The walls around her shimmered and danced, and she
heard voices, saw lights. They were wrong. They had no
place here.
She had no place here. None of it was real.
Heart racing, palms damp, Tatiana began to run, her
feet pounding against the cold stone floor, hard, fast. Only
she didn’t move at all. Her limbs pumped as hard and as
fast as they could, and still she stayed in one place, trapped
in the past.
She needed only to pull free, come awake, and they
would be gone—the pain, the memories, the horror. But
neither the bonds of sleep nor the terrors that dwelled in
her memories eased to set her free. They held her in tight
tendrils that dragged her back and pulled her into a place
she had no wish to be.
Wizard . . . save her. Please. She has a chance.
Yuriko’s voice, low, urgent.
Bound in the barbed web of events that had played out
long ago, Tatiana thrashed and flailed. A dream. A dream.
It was only a dream.
“Calculate the odds,” Bane ordered.
Tatiana’s breath came in short, huffing pants. She couldn’t
push any sound past the lump in her throat. Coward. She
was a coward. Weak.
Hazy, unfocused, she shifted her gaze to Wizard. Silently
she pleaded for . . . what? What did she want him to do?
What could he do?
The outcome was always the same. She had been powerless
to change it then, was powerless to change it now.

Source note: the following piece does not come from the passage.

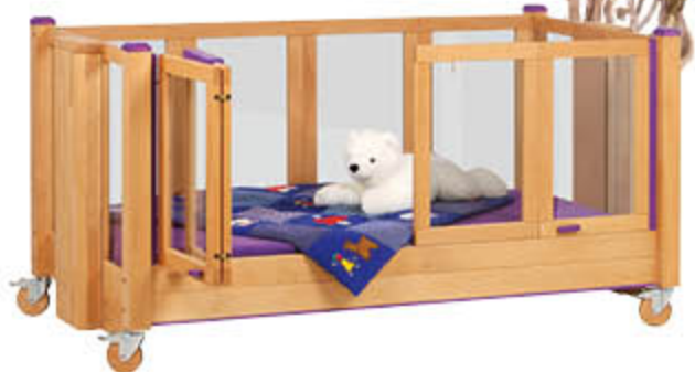
Seitengitterhöhe 72 cm, z. B. Im Farbakzent Blau-Lila mit Holzrollen

Viel Sicherheit, auch für besonders aktive Kinder

“Choose.” Bane whispered the word against Wizard’s
ear.
For the first time in her recollection, her brother hesitated.
Choose. Choose. Choose.
And then Bane’s face melted like wax in a flame, shifting,
changing, until it was a different man who chained
her, a different man who stood looking down at her, wanting
to master her, to use her, to twist what she was for his
own gain.
She had thought Bane the face of purest evil. But she’d
been wrong. So wrong.
Gavin Ward. Dr. Gavin Ward.
He was here for her. Her time was up.
Sweating, screaming, Tatiana bolted upright, the dream
so real that she smelled the stink of her own fear, felt
the sting of the blows on her cheek, her jaw, as though
they had landed minutes rather than years past. Felt the
pain of knowing that her weakness had cost her sister her
life.
Yuriko. Oh, God. Yuriko.
Tatiana wrapped her arms around her knees and lowered
her forehead. She closed her eyes, shuddering in the
cold and the darkness, fighting the memories, the anguish, the
fear.
A nightmare, she told herself. Only a nightmare.
But it wasn’t.
Because as she raised her head, she saw him, there, in
the shadows, just beyond the bars that caged her. Gavin
Ward was there. Watching.
And the light glinted off the scalpel in his hand.